- [PROBLEM TO SOLVE]:
Please, without the pictures, retype exactly the lines from the start of the material through the line that holds "Get creative with".

- [DATA]:
- - - - - - -

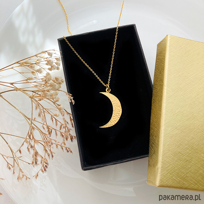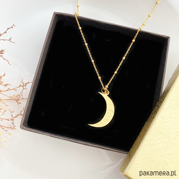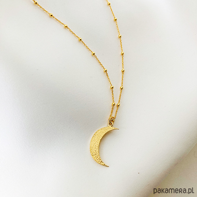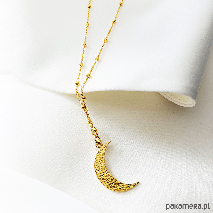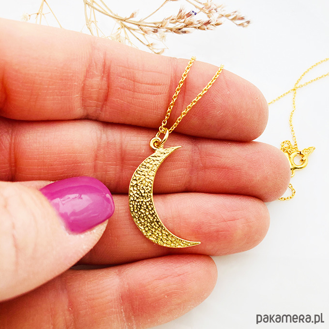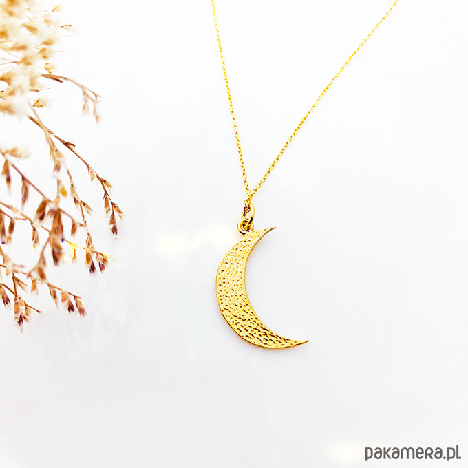 Efektowny naszyjnik z dużą, młotkowaną zawieszką w kształcie księżyca.
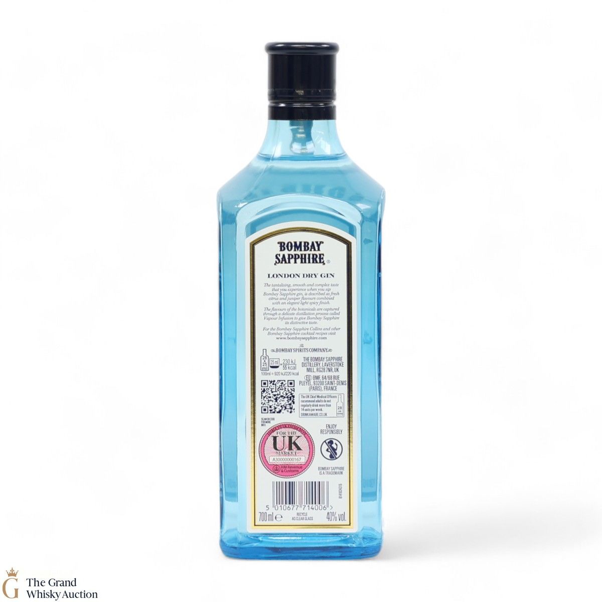 Bombay Sapphire London Dry Gin in its distinctive blue bottle. Every drop contains 10 hand-selected botanicals from exotic locations around the world.
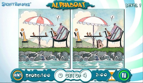 Play the FREE Alphaboat hidden difference game to find hidden letters in the scenes.
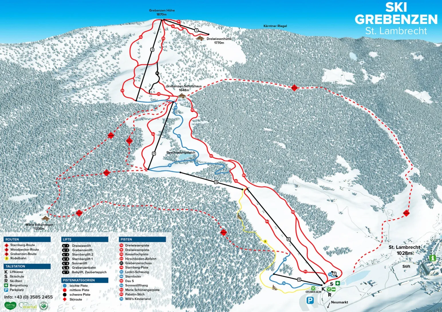 С шест планини и над сто километра писти, Kleinwalsertal-Oberstdorf предлага писти за всички умения. Въпреки че районът е особено популярен сред семействата поради спокойната си атмосфера и леките склонове, напредналите скиори също ще намерят достатъчно предизвикателства на по-високите склонове.
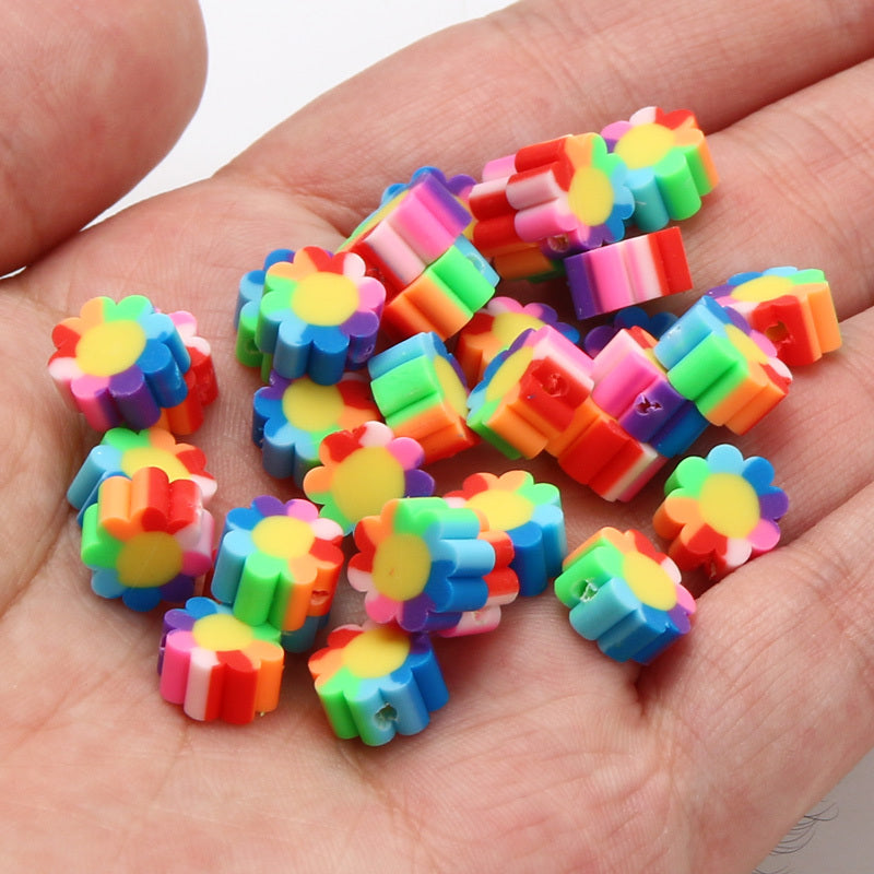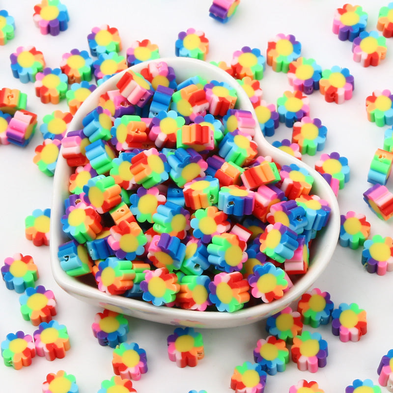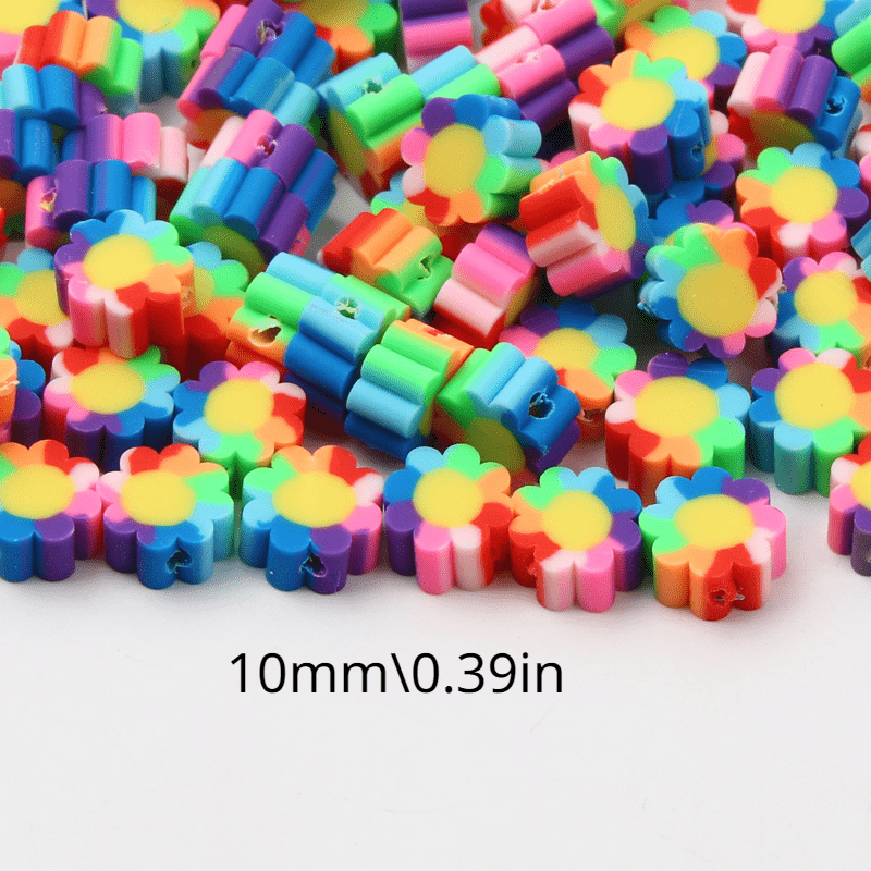 Get creative with these 10mm polymer clay spacer beads featuring a sunflower pattern. Perfect for making unique jewelry pieces.
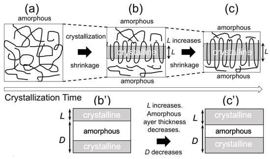 Here, γ(r) is the correlation function and r is the distance in the real space. Figure 9 shows thus-evaluated L and D and the ratio (L/D) as a function of time during the isothermal crystallization upon T-jump from 200 °C to 110 °C. As a result (Figure 9b), the average lamellar thickness increases with time, which is reasonable as a crystallization behavior. Therefore, the decreasing behavior of D is also reasonable, as schematically shown in Figure 10. Upon crystallization, shrinkage takes place. Since the lamella thickens with time, this results in the decrease of D (Figure 10b,c), as an amorphous layer thickness is decreased to a greater extent as compared to the increasing extent of L (lamellar thickness).
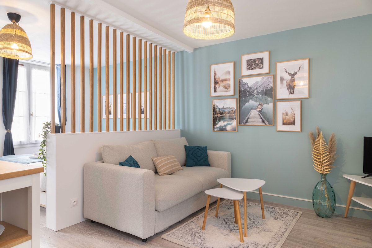 ✨ Studio de 28 m² rénové avec soin, situé au 2ᵉ étage d’un immeuble ancien en plein centre-ville de Romorantin. Tout confort : wifi fibre, linge fourni, cuisine équipée, coin nuit cosy et salle d’eau. Idéal pour découvrir la Sologne, visiter les châteaux de Cheverny/Chambord (30 min) ou le zoo de Beauval (40 min). Parfait pour un séjour en couple, entre amis ou pour un voyageur professionnel. ⚠️ Accès uniquement par escalier en colimaçon.
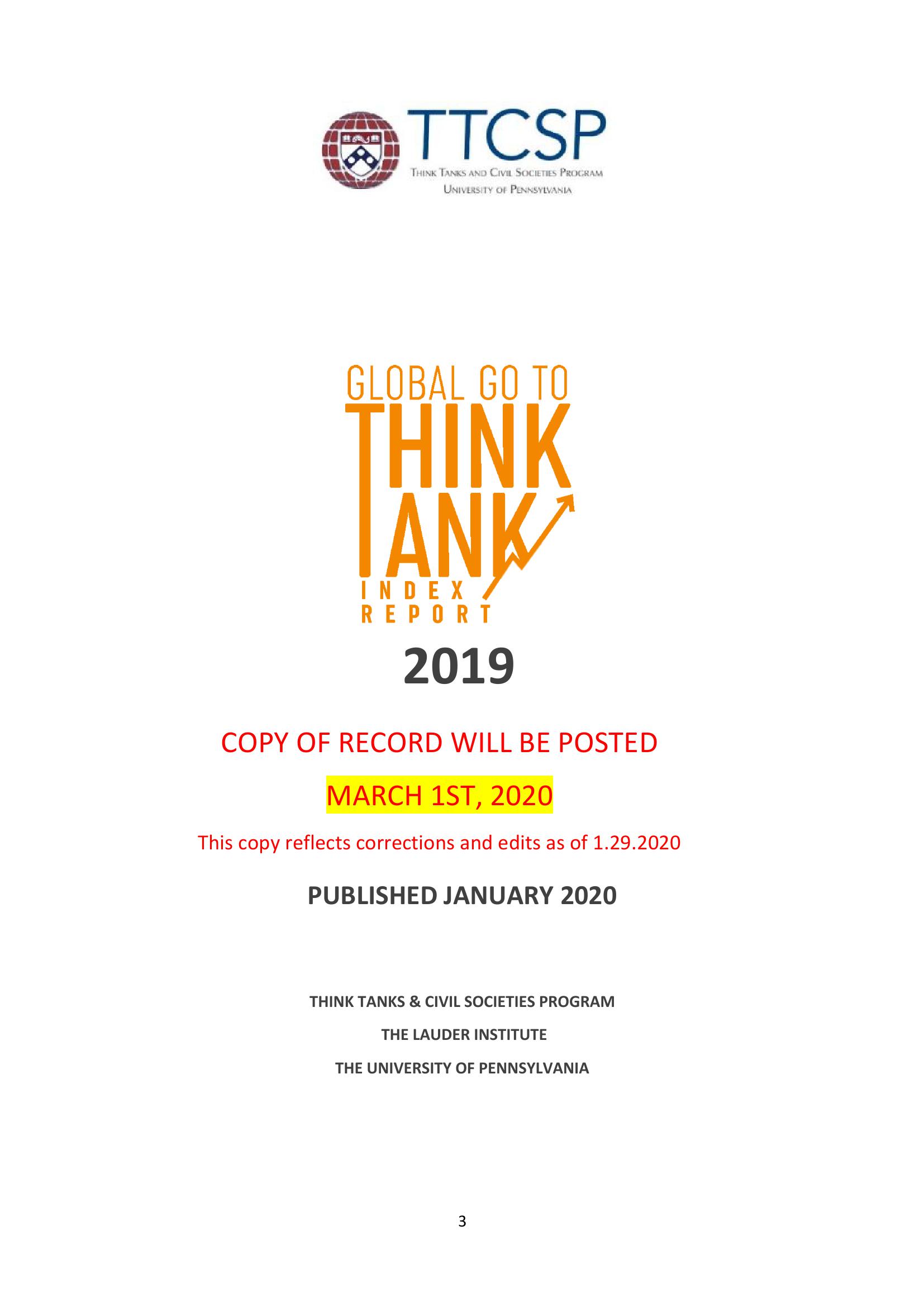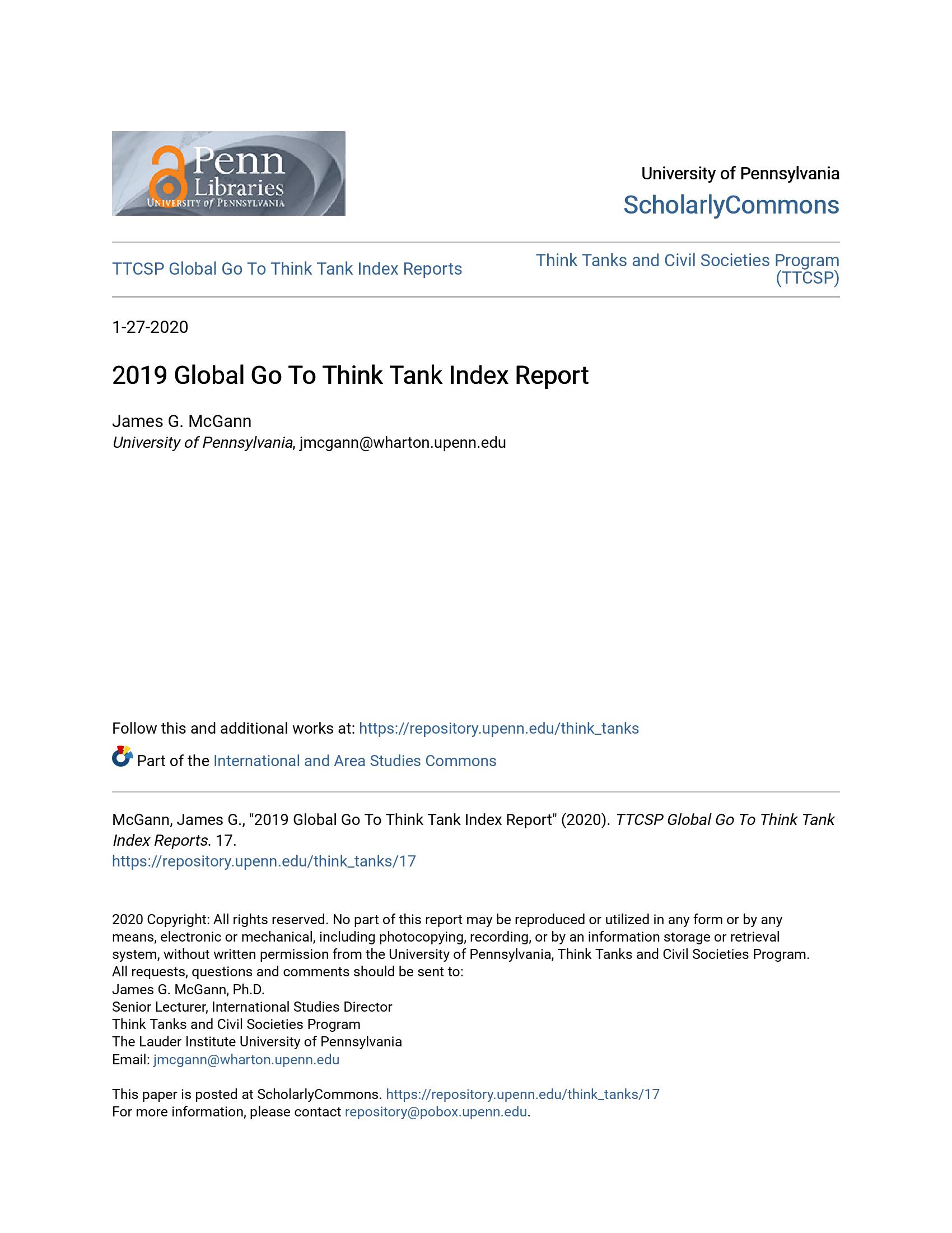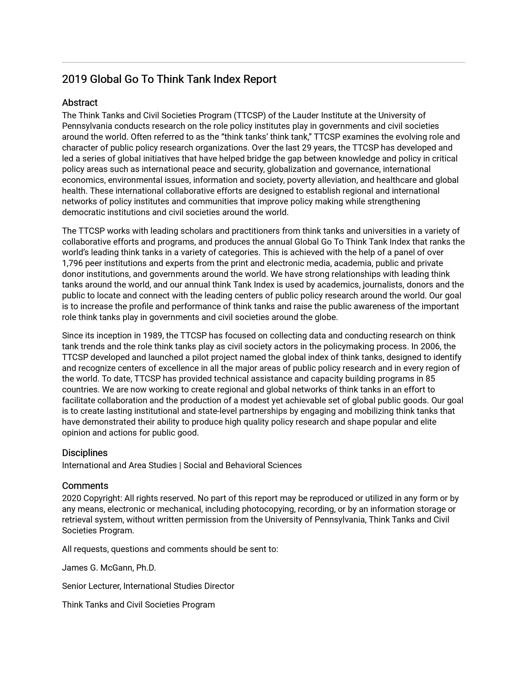 由美国宾夕法尼亚大学“智库研究项目”(TTCSP)研究编写的《全球智库报告2019》在纽约、华盛顿、伦敦、巴黎等全球近150个城市发布。

- - - - - - -

- [ANSWER SPACE]:
 Efektowny naszyjnik z dużą, młotkowaną zawieszką w kształcie księżyca.
 Bombay Sapphire London Dry Gin in its distinctive blue bottle. Every drop contains 10 hand-selected botanicals from exotic locations around the world.
 Play the FREE Alphaboat hidden difference game to find hidden letters in the scenes.
 С шест планини и над сто километра писти, Kleinwalsertal-Oberstdorf предлага писти за всички умения. Въпреки че районът е особено популярен сред семействата поради спокойната си атмосфера и леките склонове, напредналите скиори също ще намерят достатъчно предизвикателства на по-високите склонове.
 Get creative with these 10mm polymer clay spacer beads featuring a sunflower pattern. Perfect for making unique jewelry pieces.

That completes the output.